(Dataset items)
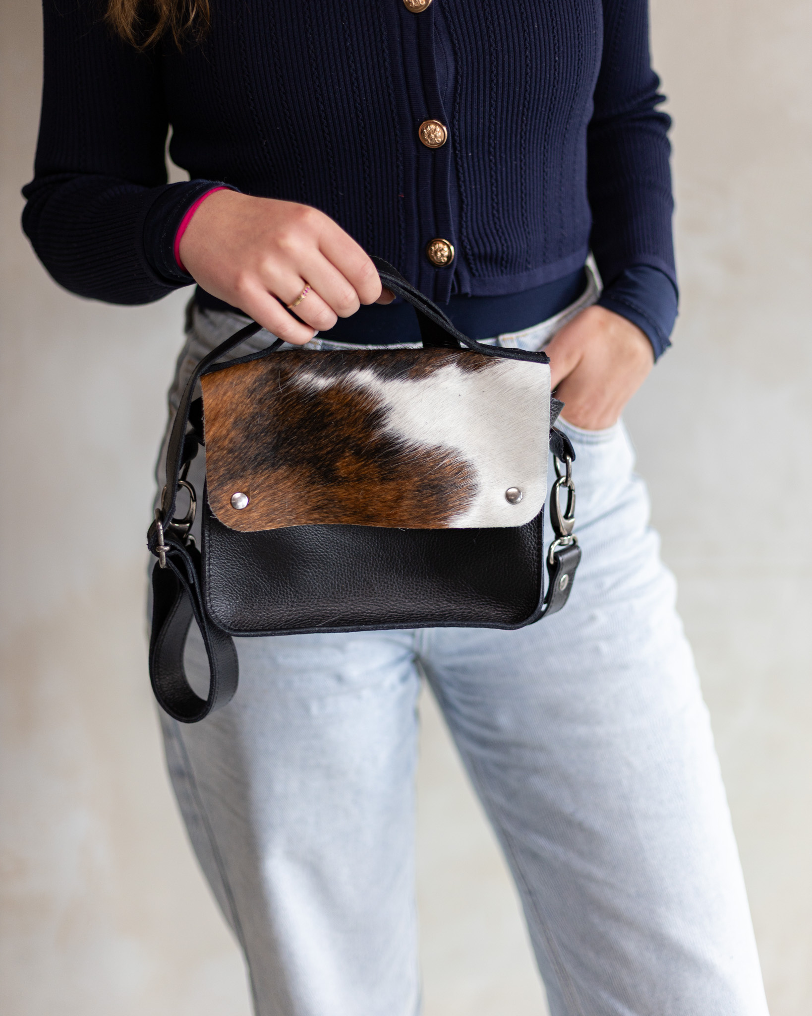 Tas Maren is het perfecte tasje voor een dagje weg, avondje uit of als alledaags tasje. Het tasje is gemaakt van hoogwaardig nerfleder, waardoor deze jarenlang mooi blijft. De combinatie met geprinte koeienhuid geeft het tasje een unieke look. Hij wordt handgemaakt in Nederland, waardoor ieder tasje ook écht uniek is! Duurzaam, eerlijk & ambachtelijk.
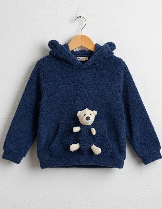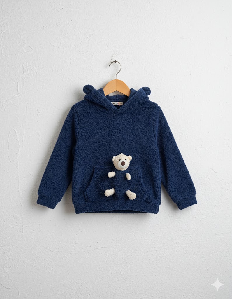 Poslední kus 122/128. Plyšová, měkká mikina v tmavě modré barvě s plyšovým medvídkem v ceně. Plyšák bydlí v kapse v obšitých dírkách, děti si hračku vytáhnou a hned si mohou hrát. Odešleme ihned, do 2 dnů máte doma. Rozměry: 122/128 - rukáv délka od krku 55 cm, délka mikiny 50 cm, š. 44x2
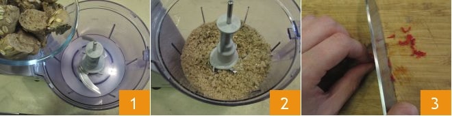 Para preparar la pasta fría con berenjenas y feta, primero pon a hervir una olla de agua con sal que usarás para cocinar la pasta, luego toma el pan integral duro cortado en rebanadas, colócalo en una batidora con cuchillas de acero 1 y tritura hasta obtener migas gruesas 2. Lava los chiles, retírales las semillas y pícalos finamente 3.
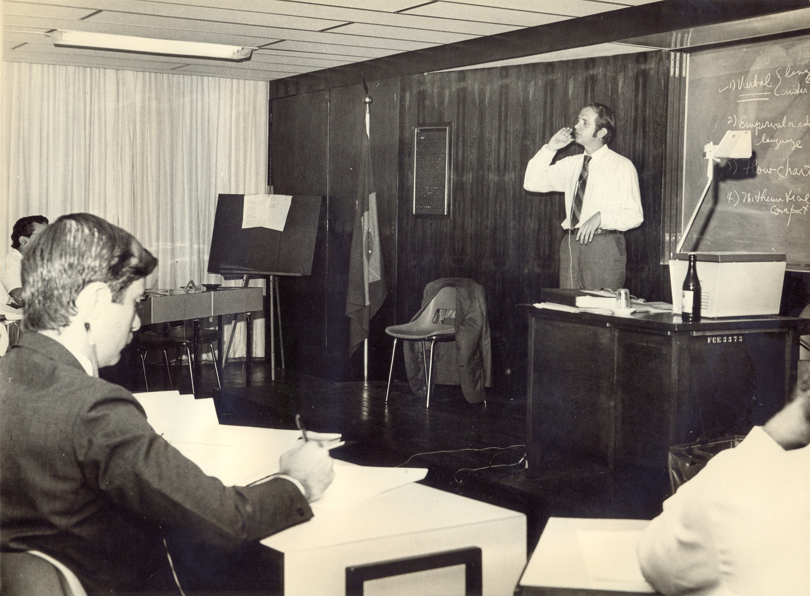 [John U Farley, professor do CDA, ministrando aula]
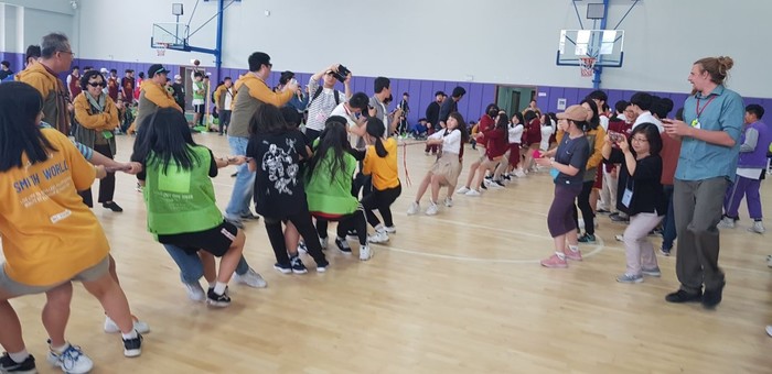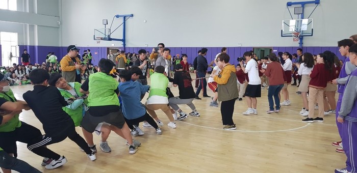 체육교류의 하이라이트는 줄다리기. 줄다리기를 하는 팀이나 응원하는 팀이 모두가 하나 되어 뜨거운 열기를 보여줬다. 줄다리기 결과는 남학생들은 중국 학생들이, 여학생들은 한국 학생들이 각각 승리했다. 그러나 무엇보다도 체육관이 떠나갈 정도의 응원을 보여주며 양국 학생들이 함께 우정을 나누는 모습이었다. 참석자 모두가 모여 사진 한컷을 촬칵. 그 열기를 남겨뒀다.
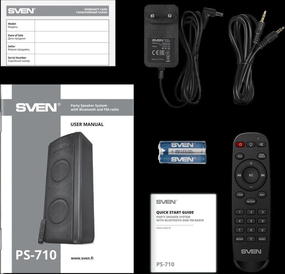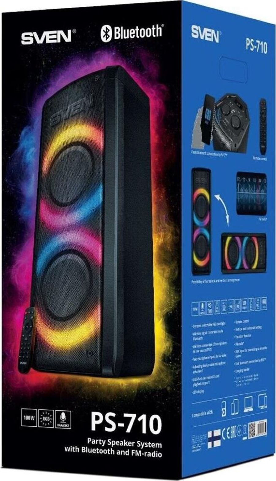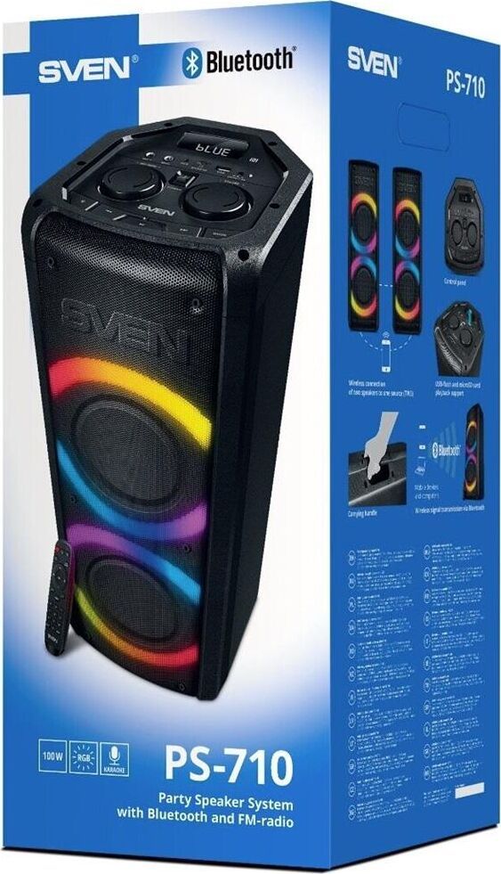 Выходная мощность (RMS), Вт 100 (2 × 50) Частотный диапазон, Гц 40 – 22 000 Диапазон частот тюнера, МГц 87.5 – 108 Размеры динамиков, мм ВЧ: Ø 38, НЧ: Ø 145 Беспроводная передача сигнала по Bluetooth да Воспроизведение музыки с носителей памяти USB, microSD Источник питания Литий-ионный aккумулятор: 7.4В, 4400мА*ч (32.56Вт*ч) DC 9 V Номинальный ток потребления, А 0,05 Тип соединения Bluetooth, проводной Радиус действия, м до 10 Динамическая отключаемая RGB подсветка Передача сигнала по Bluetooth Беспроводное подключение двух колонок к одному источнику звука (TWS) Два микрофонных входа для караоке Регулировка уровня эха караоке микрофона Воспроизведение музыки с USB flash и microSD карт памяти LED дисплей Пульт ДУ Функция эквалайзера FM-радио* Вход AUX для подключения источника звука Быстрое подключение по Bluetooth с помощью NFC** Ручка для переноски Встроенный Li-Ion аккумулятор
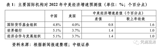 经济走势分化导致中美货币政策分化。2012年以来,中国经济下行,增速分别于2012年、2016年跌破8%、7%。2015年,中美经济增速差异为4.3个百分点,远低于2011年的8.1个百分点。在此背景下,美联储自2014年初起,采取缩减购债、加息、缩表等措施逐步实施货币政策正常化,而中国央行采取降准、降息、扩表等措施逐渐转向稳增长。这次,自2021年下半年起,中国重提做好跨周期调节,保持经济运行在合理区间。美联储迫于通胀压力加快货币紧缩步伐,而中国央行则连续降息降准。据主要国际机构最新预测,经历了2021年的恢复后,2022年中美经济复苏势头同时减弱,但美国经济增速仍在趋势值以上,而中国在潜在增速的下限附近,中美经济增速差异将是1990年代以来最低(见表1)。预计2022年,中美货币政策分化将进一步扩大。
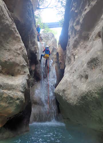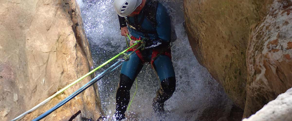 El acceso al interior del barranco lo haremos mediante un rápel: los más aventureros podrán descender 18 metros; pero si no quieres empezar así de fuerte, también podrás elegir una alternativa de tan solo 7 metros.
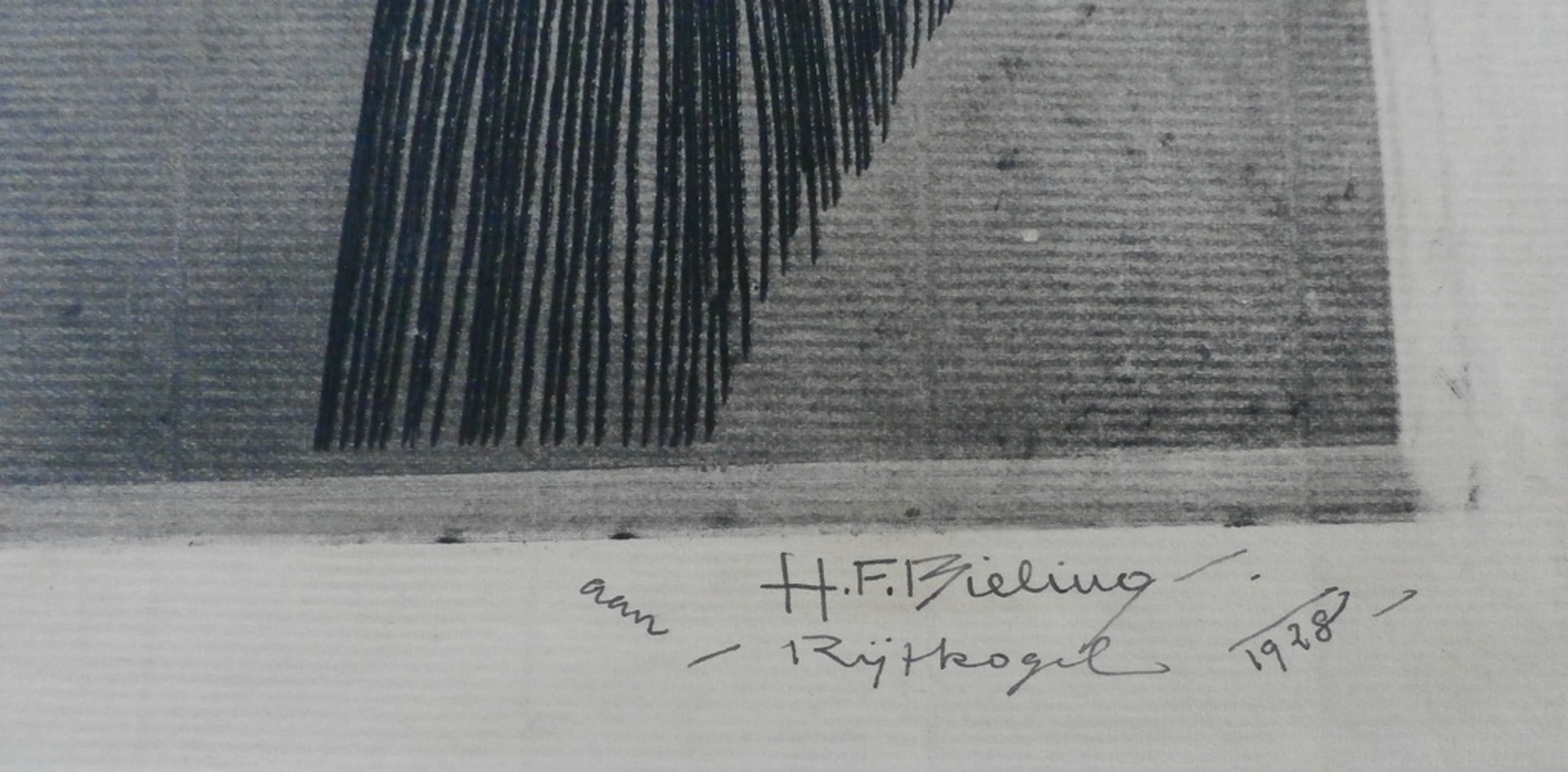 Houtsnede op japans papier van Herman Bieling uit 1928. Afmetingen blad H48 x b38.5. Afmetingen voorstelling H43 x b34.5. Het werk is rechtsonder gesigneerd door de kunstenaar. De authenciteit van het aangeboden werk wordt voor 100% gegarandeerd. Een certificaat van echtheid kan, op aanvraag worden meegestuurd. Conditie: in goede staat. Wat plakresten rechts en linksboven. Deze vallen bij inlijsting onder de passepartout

**ASSIGNED TASK**: Give exactly the lines above that run from the line with "Poslední kus 122/128." to the line with "[John U Farley, professor", both included, leaving every picture out.

**FINAL ANSWER**:
 Poslední kus 122/128. Plyšová, měkká mikina v tmavě modré barvě s plyšovým medvídkem v ceně. Plyšák bydlí v kapse v obšitých dírkách, děti si hračku vytáhnou a hned si mohou hrát. Odešleme ihned, do 2 dnů máte doma. Rozměry: 122/128 - rukáv délka od krku 55 cm, délka mikiny 50 cm, š. 44x2
 Para preparar la pasta fría con berenjenas y feta, primero pon a hervir una olla de agua con sal que usarás para cocinar la pasta, luego toma el pan integral duro cortado en rebanadas, colócalo en una batidora con cuchillas de acero 1 y tritura hasta obtener migas gruesas 2. Lava los chiles, retírales las semillas y pícalos finamente 3.
 [John U Farley, professor do CDA, ministrando aula]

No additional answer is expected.